In his article in the Wall Street Journal entitled 'How the 'Jesus' Wife' Hoax Fell Apart', Jerry Pattengale concludes with an interesting comment: 'this episode is not totally without merit. It will provide a
valuable case study for research classes long after we're gone and the
biblical texts remain.'
So, given that the whole debacle is basically over (except for mopping up exercises), what lessons can be learnt?
a) It is possible for a forger to get hold of papyri, mix ink according to ancient conventions, compose a semi-plausible pastiche of a text, and mislead scholars, academic institutions, the media, and the public. Exactly what he (or she) hoped to gain from it is not clear, but if it was simply mischief, then he has probably far exceeded his wildest dreams. Given this possibility it is important that if someone approaches you with an unpublished text which meshes in with your own academic interests, then critical skepticism rather than credulity should control your responses. Nothing is innocent until proven guilty in this scenario. Also the forger will target a scholar who he thinks is persuadable, not a manuscript expert, and who has wider credibility to make the discovery known (remember that in this case Prof King at first didn't respond to the invitation, but the forger didn't go to some other scholar, he waited a year and then went back to reel in Prof King).
b) Get the back story straight and get all the documents involved. Although at the time and in retrospect we may think that the problems of palaeography, subject matter, and textual composition with the Pseudo-Gospel of Jesus' Wife* were sufficient to conclude it was a fake; the additional confirmation of that came from the Pseudo-Gospel of John Fragment and the proof that it was copied from a published form of a text. That conclusive anachronism becomes the nail in the coffin which is universally convincing (just as its demonstrable dependence on a published edition of Mark finally did for 2427). So the people calling for access to the whole collection in 2012 are vindicated.
c) The results of scientific tests need to be carefully interpreted. Don't just read the summaries that are repeated in the press releases. Get hold of the full scientific reports. Again, that was an incidental key step in this process (because the scientific ink report also happened to have a photo of Ps-John).
d) Careful observation of the actual manuscript (or good images) may generate suspicion and even offer pointers to forgery which may be individually persuasive, but generating a consensus requires multiple points of suspicion (and/or clearcut anachronism).
e) Get high resolution images on the internet and let some crowd-sourcing do the critical work. In this episode the scholarly blogs on the subject come out pretty well, while the Harvard folk are looking a little gullible. The blogs sorted in a month what Harvard couldn't. We all know when bloggers get their teeth into something they can be tenacious and feed off each other.

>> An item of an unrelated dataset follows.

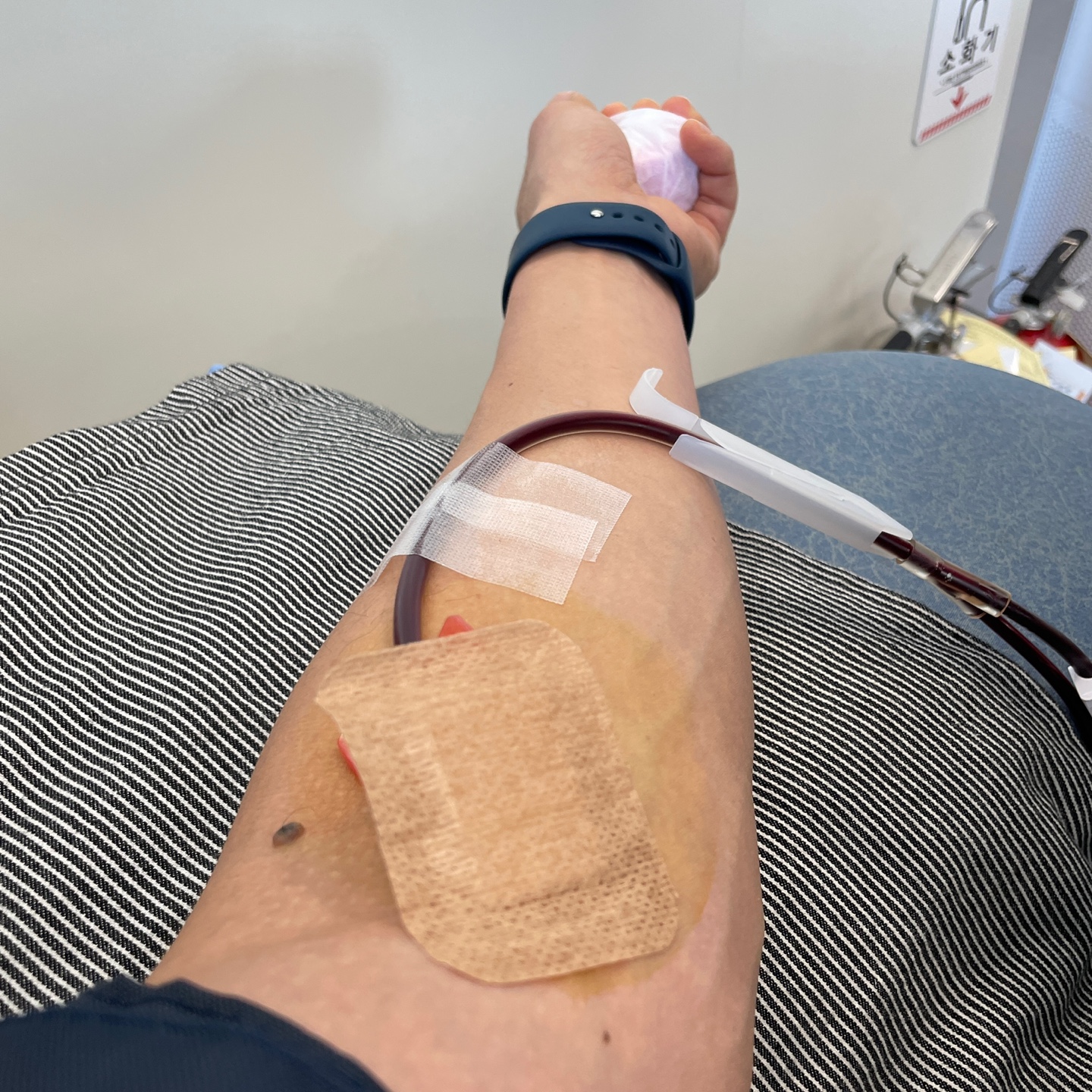 아내님은 철분 수치가 부족해 헌혈을 하지 못했다. 응?!! 반면 나는 1시간 반 동안 편하게 누워 책을 읽으면서 헌혈 했다. 다행히 피는 잘 나왔으나 혈소판혈장은 워낙 시간이 많이 걸리는 헌혈이라 약간 팔이 저렸을 뿐이다. 헌혈 하는 동안 둘째는 내가 걱정된 건지 아니면 단순한 호기심인지 내 주위를 기웃 거렸다. 아이를 옆으로 불러 조용히 설명해 주었다. 바늘을 통해 들어간 피는 기계를 통해 혈소판과 혈장으로 분리해서 팩에 저장하고 나머지 적혈구는 다른 용액과 함께 다시 몸으로 돌아온다, 방금 몸에서 빠져나온 혈소판은 따뜻하다고 만져 보라고 하니 혈액팩 위로 조심스레 손을 올려 보았다. 정말 따뜻하다며 신기해 했다. 이런 게 뽑은 혈액이 누군가에게 도움이 된다는 사실을 아이가 이해했으면 좋겠다. 반면 첫째는 내가 헌혈을 하던 말던 신경도 쓰지 않고 독서 삼매경에 빠져있었다(다시 한 번 인정 없는 녀석!).

Surely there will now be scholarly articles on this mess, in NTS and hopefully in HTR, but I doubt they'll offer more than the blogs have already done.
f) Composing a plausible ancient text by free composition is difficult. Several recent forgeries have involved creating text by copying and adapting existing published texts of similar type (both of these obviously Ps-GJW as Watson, Bernhard and others showed; Ps-John as Askeland, Suciu, have now shown, and presumably some of the others in the same collection which haven't been made public yet; the lead codices, etc.). So scholars should look, not only at comparing new documentary finds with other ancient texts, but also with published forms of similar texts. Here tell-tale anachronisms (like following the Grondin misprint or having 17 line endings agree except when a page is turned) are perhaps the most generally conclusive bits of the evidence.
g) Forgers invent fake histories, provenance and documents to bolster the authenticity of the forgery, but these are a potential weak link. No surprise that in this case all these documents have been kept from the scholarly community.
h) don't worry if your PhD is in something other people think is obscure (like Coptic manuscripts of John) one day you might have the very bit of information that the rest of us need.
So, given that the whole debacle is basically over (except for mopping up exercises), what lessons can be learnt?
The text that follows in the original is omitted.